WORK TO COMPLETE: Each line from the one containing "А кто-нибудь понял" through the last line of the data below should be printed exactly, please, with any pictures omitted.

STUDY MATERIAL:
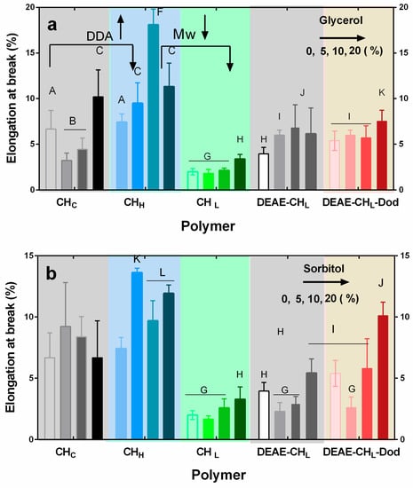 Elongation at break of films prepared with chitosan and its derivatives and increasing percentages of (a) glycerol and (b) sorbitol. The values are expressed as means ± SD (n = 5). Different letters indicate a significant difference (p < 0.05).
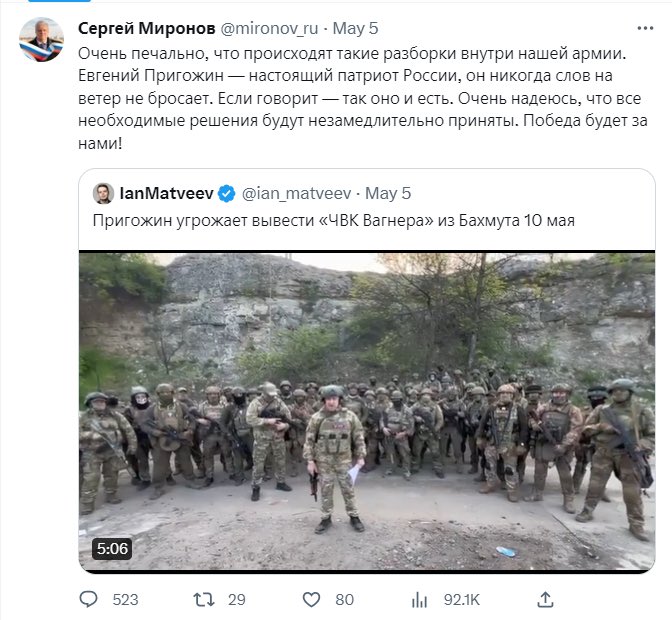 А кто-нибудь понял позицию Пригожина по поводу войны в Украине? Он же вчера заявлял, что нас МО обмануло о причинах войны, следовательно вроде как нужно прекращать войну и выводить войска. А сегодня с утра в Ростове он заявлял, что, мол, мы захватили аэродром, но не будем мешать наносить удары по украинцам. Что за шиза?
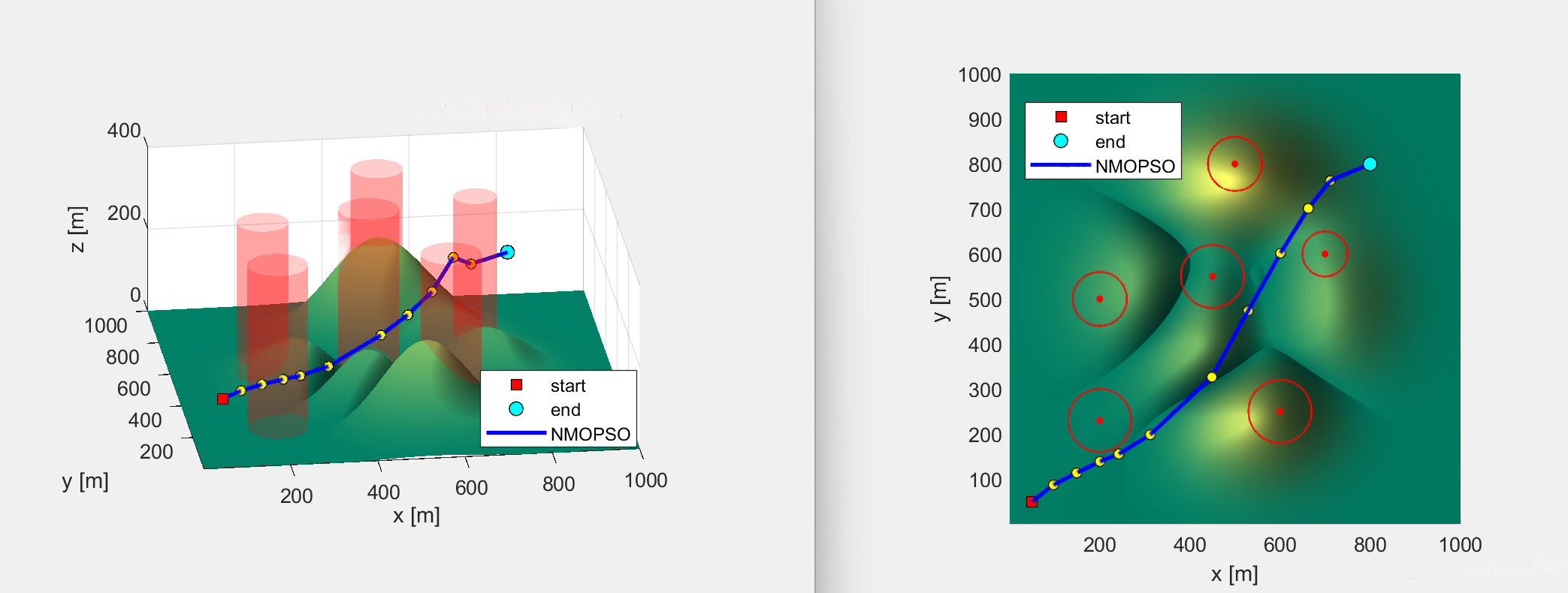 在此背景下,2025 年提出的基于城市场景下无人机三维路径规划的导航变量的多目标粒子群优化算法(NMOPSO)应运而生。该算法针对城市场景的特点,引入导航变量,对传统粒子群优化算法进行了改进,旨在为无人机在复杂城市场景中规划出更优的三维路径。
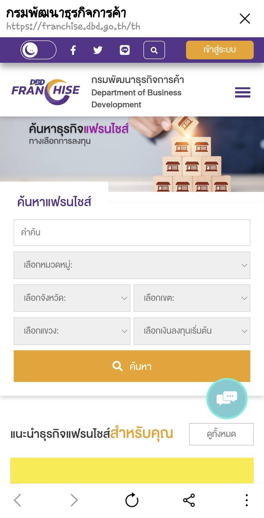 นักลงทุนและประชาชนที่สนใจลงทุนในระบบแฟรนไชส์ สามารถค้นหาธุรกิจแฟรนไชส์ในเครือข่ายของที่ผ่านการพัฒนาจากกรมฯ ซึ่งปัจจุบันมีจำนวน 545 แบรนด์ ที่พร้อมให้นักลงทุนและประชาชนที่สนใจสร้างอาชีพเลือกลงทุนได้ตามความชอบ ได้ทาง https://franchise.dbd.go.th/th หรือขอคำปรึกษาได้ที่ ส่วนส่งเสริมธุรกิจเฟรนไชส์ กองส่งเสริมและพัฒนาธุรกิจ กรมพัฒนา ธุรกิจการค้า กระทรวงพาณิชย์ สายด่วน 1570 โทรศัพท์หมายเลข 0 2547 5953 e-Mail: [email protected]
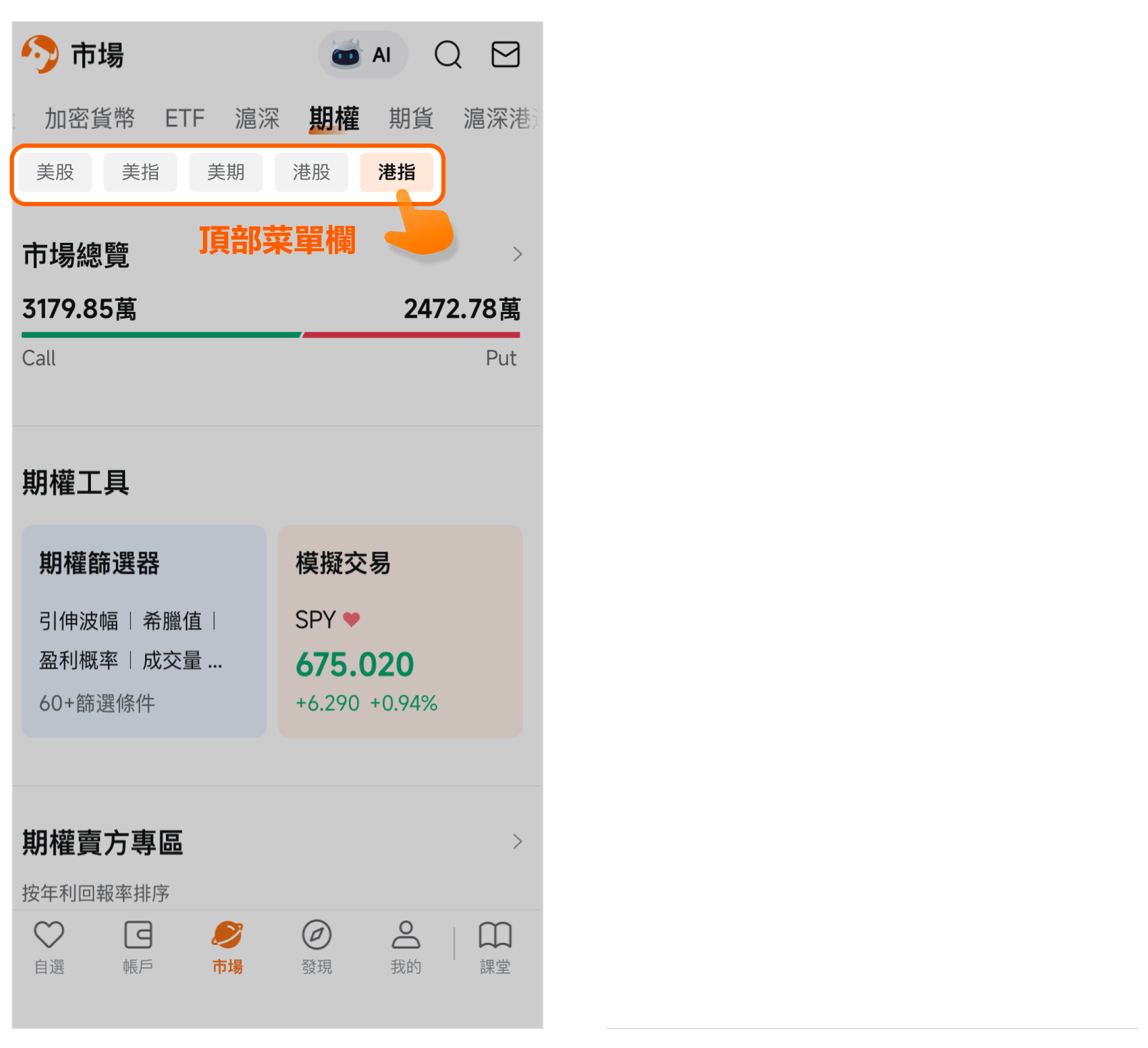 1、「期权」页面的第一个子功能模块,是顶部菜单栏,您可以在此处选择需要查看的市场。若要深入了解,请点击所需了解的市场品类,如「港指」。

OUTPUT BELOW:
 А кто-нибудь понял позицию Пригожина по поводу войны в Украине? Он же вчера заявлял, что нас МО обмануло о причинах войны, следовательно вроде как нужно прекращать войну и выводить войска. А сегодня с утра в Ростове он заявлял, что, мол, мы захватили аэродром, но не будем мешать наносить удары по украинцам. Что за шиза?
 在此背景下,2025 年提出的基于城市场景下无人机三维路径规划的导航变量的多目标粒子群优化算法(NMOPSO)应运而生。该算法针对城市场景的特点,引入导航变量,对传统粒子群优化算法进行了改进,旨在为无人机在复杂城市场景中规划出更优的三维路径。
 นักลงทุนและประชาชนที่สนใจลงทุนในระบบแฟรนไชส์ สามารถค้นหาธุรกิจแฟรนไชส์ในเครือข่ายของที่ผ่านการพัฒนาจากกรมฯ ซึ่งปัจจุบันมีจำนวน 545 แบรนด์ ที่พร้อมให้นักลงทุนและประชาชนที่สนใจสร้างอาชีพเลือกลงทุนได้ตามความชอบ ได้ทาง https://franchise.dbd.go.th/th หรือขอคำปรึกษาได้ที่ ส่วนส่งเสริมธุรกิจเฟรนไชส์ กองส่งเสริมและพัฒนาธุรกิจ กรมพัฒนา ธุรกิจการค้า กระทรวงพาณิชย์ สายด่วน 1570 โทรศัพท์หมายเลข 0 2547 5953 e-Mail: [email protected]
 1、「期权」页面的第一个子功能模块,是顶部菜单栏,您可以在此处选择需要查看的市场。若要深入了解,请点击所需了解的市场品类,如「港指」。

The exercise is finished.